Its alrite! Keep your head up! 56 yds is quite the shot! Do you practice at 56 yds a lot?


----------



## sneak1413 (Aug 15, 2007)

also did you shoot your broadhead before you went hunting. most set ups that are not tuned tend to shoot to the left. that may have caused you to miss. that and like stated above how much do you shoot at that distance?


----------



## smallhntr (Aug 2, 2006)

To answer your questions Yes I shoot at 56 yards alot Yes I shot with broadheads but alas i still missed:sad:


----------



## tylerolsen12 (Feb 8, 2007)

56 yards wat bow were using i practice to 70 alot but i wont shoot past 40 on an animal not trying to be the ethics police here i am just wondering


----------



## smallhntr (Aug 2, 2006)

archerykid12 said:


> 56 yards wat bow were using i practice to 70 alot but i wont shoot past 40 on an animal not trying to be the ethics police here i am just wondering


Hoyt rintec 45# 27 in draw.

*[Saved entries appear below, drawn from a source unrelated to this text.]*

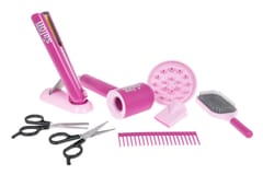 Interaktywny, bogato wyposażony zestaw fryzjerski z suszarką z wymiennymi dyszami i prostownicą do włosów na baterie to propozycja dla dzieci od 3- go roku życia. W zestawie znaleźć możemy szeroką gamę narzędzi niezbędnych w pracy fryzjera w tym suszarkę, prostownicę, nożyczki, grzebienie do włosów i inne akcesoria. Suszarka do włosów wydaje odgłos suszenia i emituje strumień powietrza. Posiada dwustopniową regulację stopnia nawiewu, a podczas suszenia wydaje odgłosy jak prawdziwa. Prostownica posiada efekty świetlne oraz odgłosy towarzyszące prostowaniu włosów. Suszarka do włosów zasilana jest bateriami typu 3 x AAA (brak w zestawie), prostownica bateriami 2 x AAA (brak w zestawie). Funkcje zestawu: - suszarka z wymiennymi nasadkami (dyfuzor i nasadka skupiająca), - suszarka emituje strumień powietrza, - suszarka posiada dwustopniową regulację stopnia nawiewu, - suszarka wydaje odgłosy suszenia, - prostownica posiada suwak do zamykania i otwierania, - prostownica posiada oświetlenie, - prostownica wydaje odgłosy charakterystyczne dla prostowania włosów, - praktyczny stojak na suszarkę.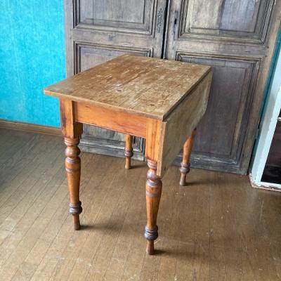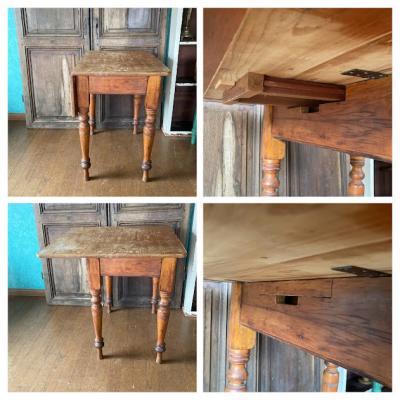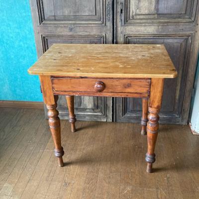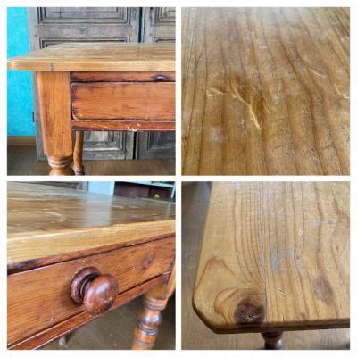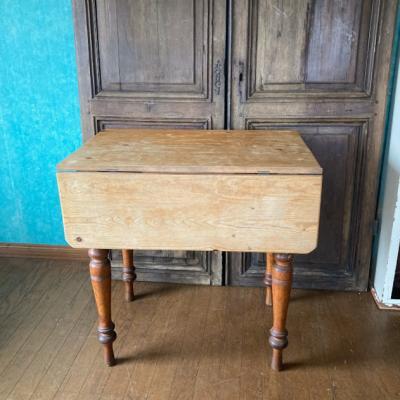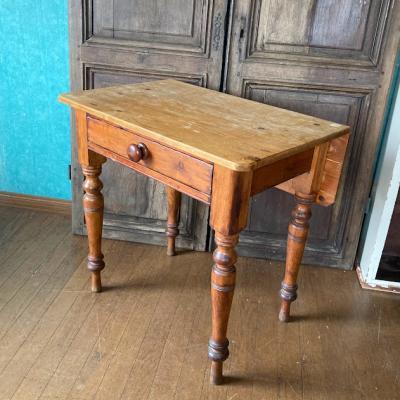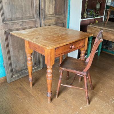片側が折りたたみできるパインテーブル【42-94】約77㎝ほどのサイズは一人暮らしにも使いやすいサイズ。引き出しの反対側がたためるので普段は壁に付けて使用し、来客があるときや作業スペースが欲しい時だけ広げてゆっくり使えます。小物を収納できる引き出しも便利ですね!天板を広げるときは、収納されている木製のパーツを引っ張るだけなのでとても簡単です。イギリス製、推定1940年代のテーブルですので、アンティークらしい凹みや小さな傷を含みます。これからの生活を共に過ごしてくれる小さなテーブルをお探しの方におすすめ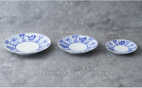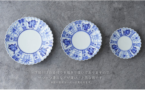 有田焼 芙蓉手菊型皿 大中小 3点セット 大慶 食器 うつわ 器 普段使い 手描き お皿 取り皿 ケーキ皿 A35-263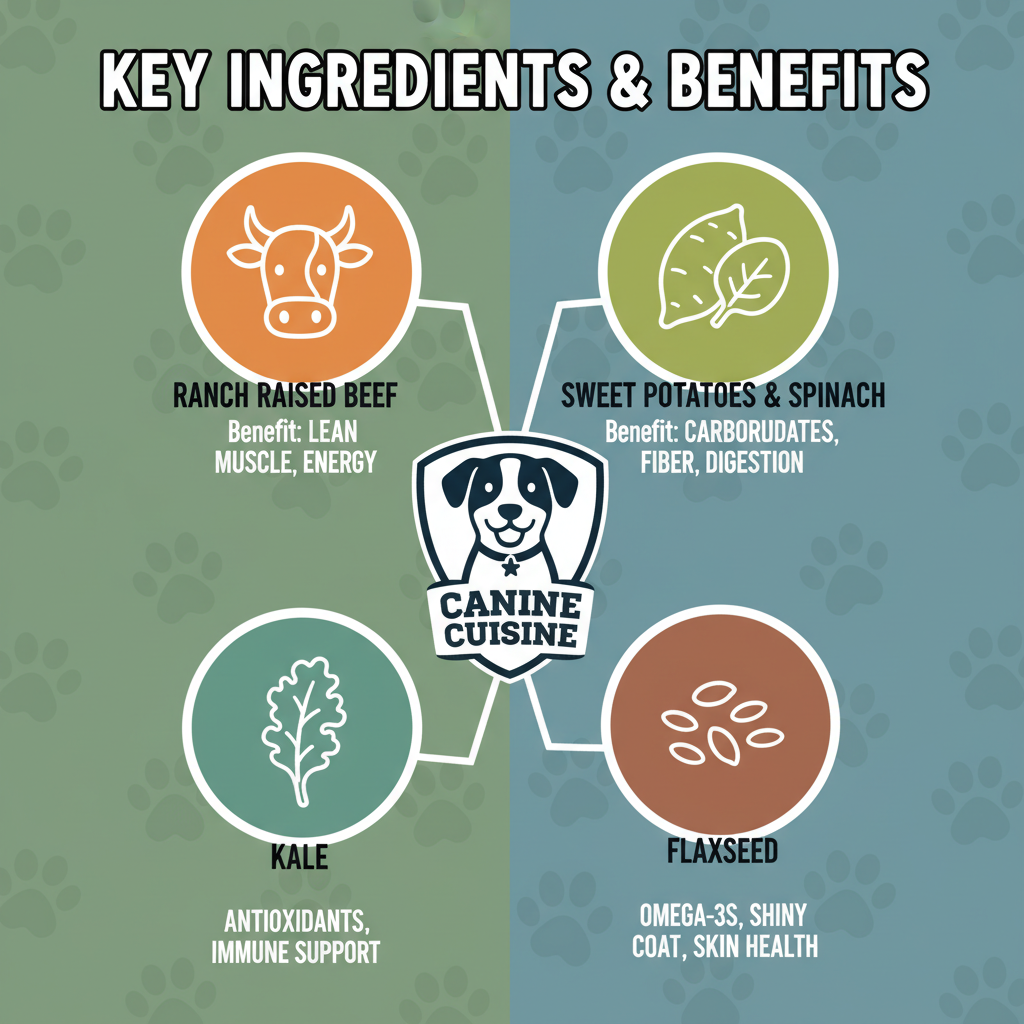 We took a close look at what’s actually inside the box, and the ingredient list is impressively short and recognizable. Ranch Raised Beef is the primary protein source. It’s lean, high-quality muscle meat that supports strong muscles and healthy energy levels. Sweet Potatoes & Spinach provide the necessary carbohydrates for energy and a fiber boost to keep digestion moving smoothly. Kale is a superfood inclusion that packs a punch of antioxidants to support your dog’s immune system. Flaxseed is rich in Omega-3 fatty acids, which helps your dog’s coat stay shiny and can reduce skin inflammation.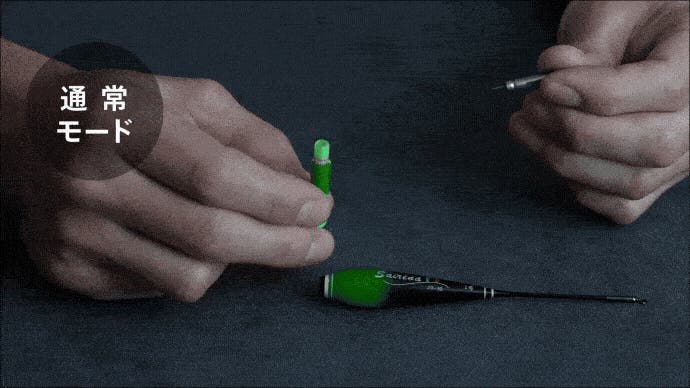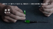 変光モード(当たりで赤ランプ点灯)は、本体を上から電池の(ー)に向かって差し込みます。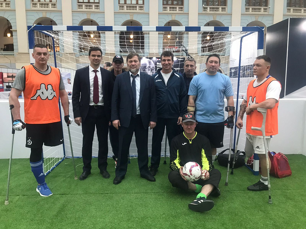 Олег Матыцин провел серию пенальти с футболистами-паралимпийцами, а также сделал общее фото с командой.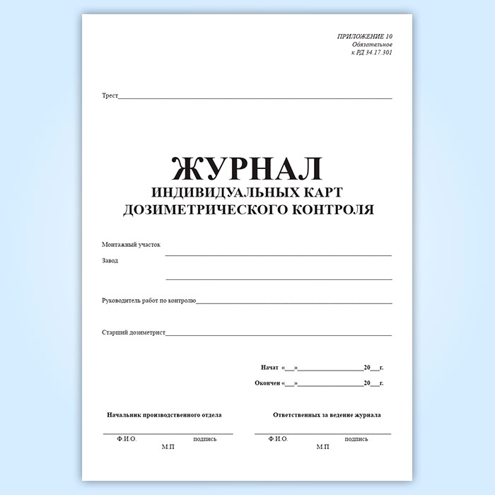 Журнал индивидуальных карт дозиметрического контроля (РД 34.17.301) в Верее купить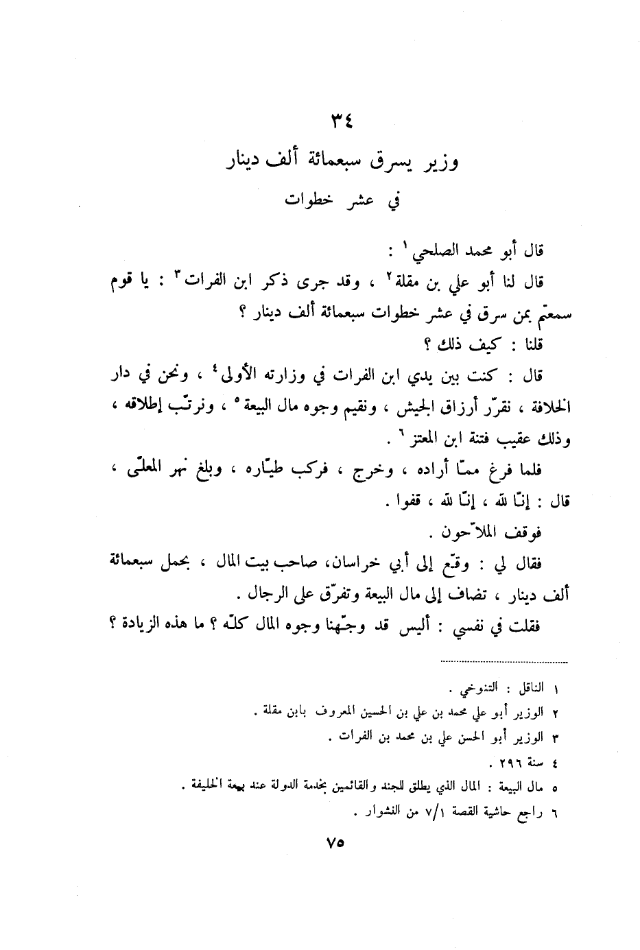 قال لنا أبو علي بن مقلة «2» ، وقد جرى ذكر ابن الفرات «3» : يا قوم سمعتم بمن سرق في عشر خطوات سبعمائة ألف دينار؟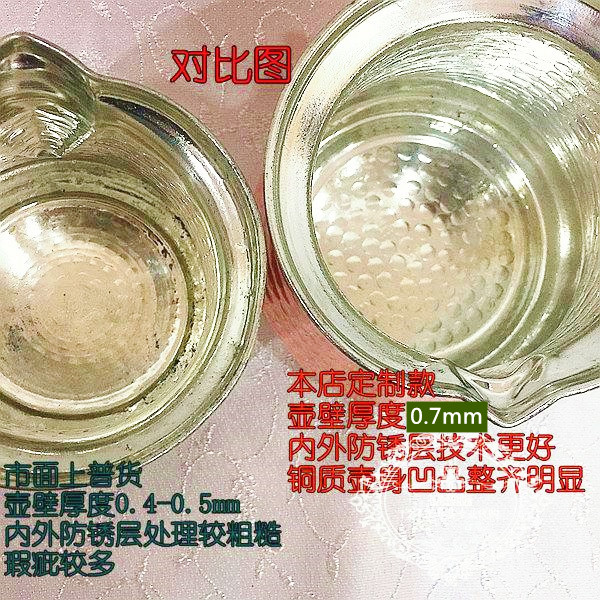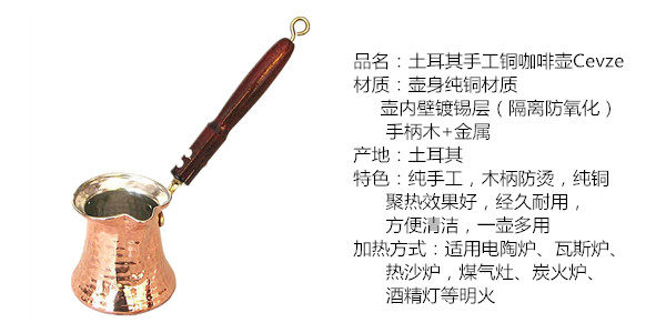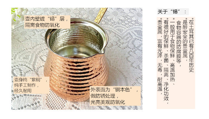 小店所有的咖啡壺、酸奶壺等手工壺均為紫銅材質的壺身,經久耐用;內壁鍍錫層,起到隔離防氧化的作用;

But hey I still outshoot my father at that distance even though hes got a 58# swtchback at 29 in:wink:


----------



## armyboy (Jul 10, 2007)

smallhntr said:


> Hoyt rintec 45# 27 in draw. But hey I still outshoot my father at that distance even though hes got a 58# swtchback at 29 in:wink:


i would keep it in 30 yards! my max is 25 yard and i shoot 54 pounds at 28 inches draw. only have two pins.


----------



## Bowtech14 (Feb 25, 2007)

yes keep it within about 30 yards..i shoot 65 pounds 29 inch draw and my range is about 40 yards i practice out to about 80 yards and i wont shoot a animal past 45...but dont worry ull get em next time :wink:


----------



## jsbullseye (Jan 10, 2006)

56yards is not as bad as 10 soe keep head up for your time


----------



## smallhntr (Aug 2, 2006)

*Still aint back*

Still aint seen that deer again yet this is getting on my nerves. I had the wind and everything this is getting ANOYYING ...did i spell that right.


----------



## youngarchery (May 31, 2006)

dont worrie dude i missed a buck at 25 yards i miss pined him that was annoying and i missed a couple times this year before i got my deer hunting is nothing like target shooting thats for sure


----------



## Bowhunter215 (May 2, 2006)

I've missed deer under 20 yards, It happens.... But I would just suggest you don't take a shot at that far, Your bow set-up probably doesn't have enough KE. I shoot 58# and 29" draw, and my max is about 30 give or take 5. Good luck the rest of this year.


----------